Step 4.2) embedding of the new node obtained for the forward calculation as v' i The method adopts a graph pooling technology to obtain global and local scores, and specifically comprises the following steps: the resulting global score
Figure BDA00036529677100000612
Local score for kth amino acid
Figure BDA00036529677100000613
Wherein:
Figure BDA00036529677100000614
to form the kthThe collection of heavy atoms of an amino acid,
Figure BDA00036529677100000615
b l ,
Figure BDA00036529677100000616
b m the weights and offsets of the global and local fully connected layers, respectively.
Step 4.3) updating delta by using a random gradient descent algorithm according to the loss function θ Kth time parameter θ in network k Is concretely provided with
Figure BDA00036529677100000617
Wherein: λ is a preset learning rate,
Figure BDA00036529677100000618
is the corresponding gradient value found by the loss function. Specifically, assuming that the sample is composed of L amino acids, the final score obtained by the network is
Figure BDA00036529677100000619
Figure BDA00036529677100000620
The corresponding genuine tag value is also
Figure BDA00036529677100000621
Figure BDA00036529677100000622
The loss function of the sample
Figure BDA00036529677100000623
Figure BDA00036529677100000624
Wherein: ε (. cndot.) is a step function.
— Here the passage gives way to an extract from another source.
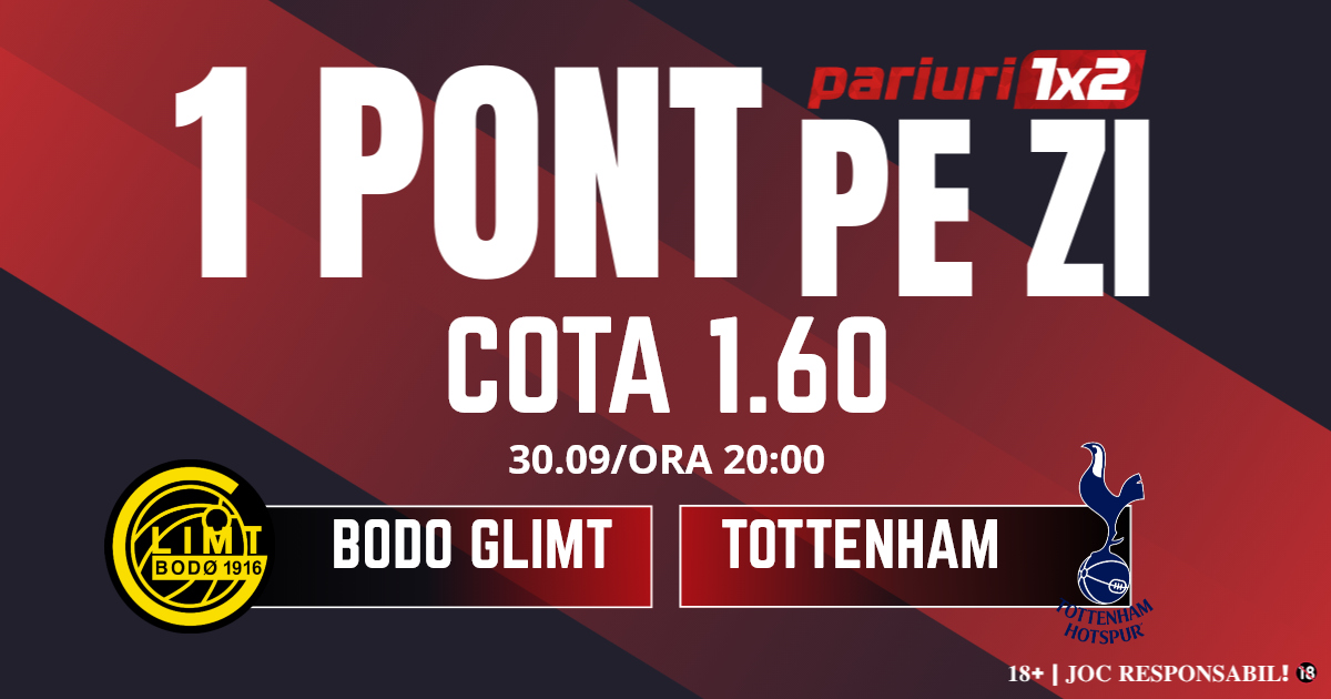 Pentru rubrica Un Pont pe Zi mergem la meciul dintre Bodo Glimt și Tottenham, meci contând pentru etapa cu numărul doi din Liga Campionilor. Duelul dintre cele două formații va avea loc pe Aspmyra Stadion din Bodø, începând cu ora 22.00.  Gazdele se află în formă bună, în ultimele cinci partide înregistrând trei victorii și două remize. Nici englezii nu o duc rău, având același bilanț în precedentele cinci partide ca și adversara din acest meci. Cele două formații s-au întâlnit și în semifinalele Europa Leaue din sezonul trecut. Atunci, Tottenham a învins, 0-2 în Norvegia și 3-1 pe teren propriu. Ne așteptăm la un meci spectaculos, cu multe reușite iar pronosticul nostru este peste 2.5 goluri.

Step 4.4) after the iteration of the appointed times is finished, inquiring the optimal model parameter which is expressed on the verification set under the storage path, predicting on the test set,by comparing Pearson coefficients of two vectors in the test set (Score, Y)
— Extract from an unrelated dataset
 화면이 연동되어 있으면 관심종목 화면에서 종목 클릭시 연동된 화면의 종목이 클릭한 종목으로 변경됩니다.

Figure BDA00036529677100000625
Figure BDA00036529677100000626
Judging whether the hyper-parameters need to be adjusted, wherein: cov (-) is covariance, Δ is standard deviation.
Step 5) for the protein-like bait structure waiting for prediction, firstly, the processing of step 1 and step 2 is carried out to obtain the protein map thereof, and the final result obtained by inputting the protein map into the map neural network is the prediction score of the protein-like bait structure.
This example uses DeepaAccNet (from Hiranuma, N., Park, H., Baek, M.et al. improved protein structure defined by deep depletion basic acid estimation. Nat Commun 12,1340(2021), https:// doi.org/10.1038/s41467-021-, pearson's correlation and AUC compared to the global score on the test set were used as criteria to evaluate the model's goodness.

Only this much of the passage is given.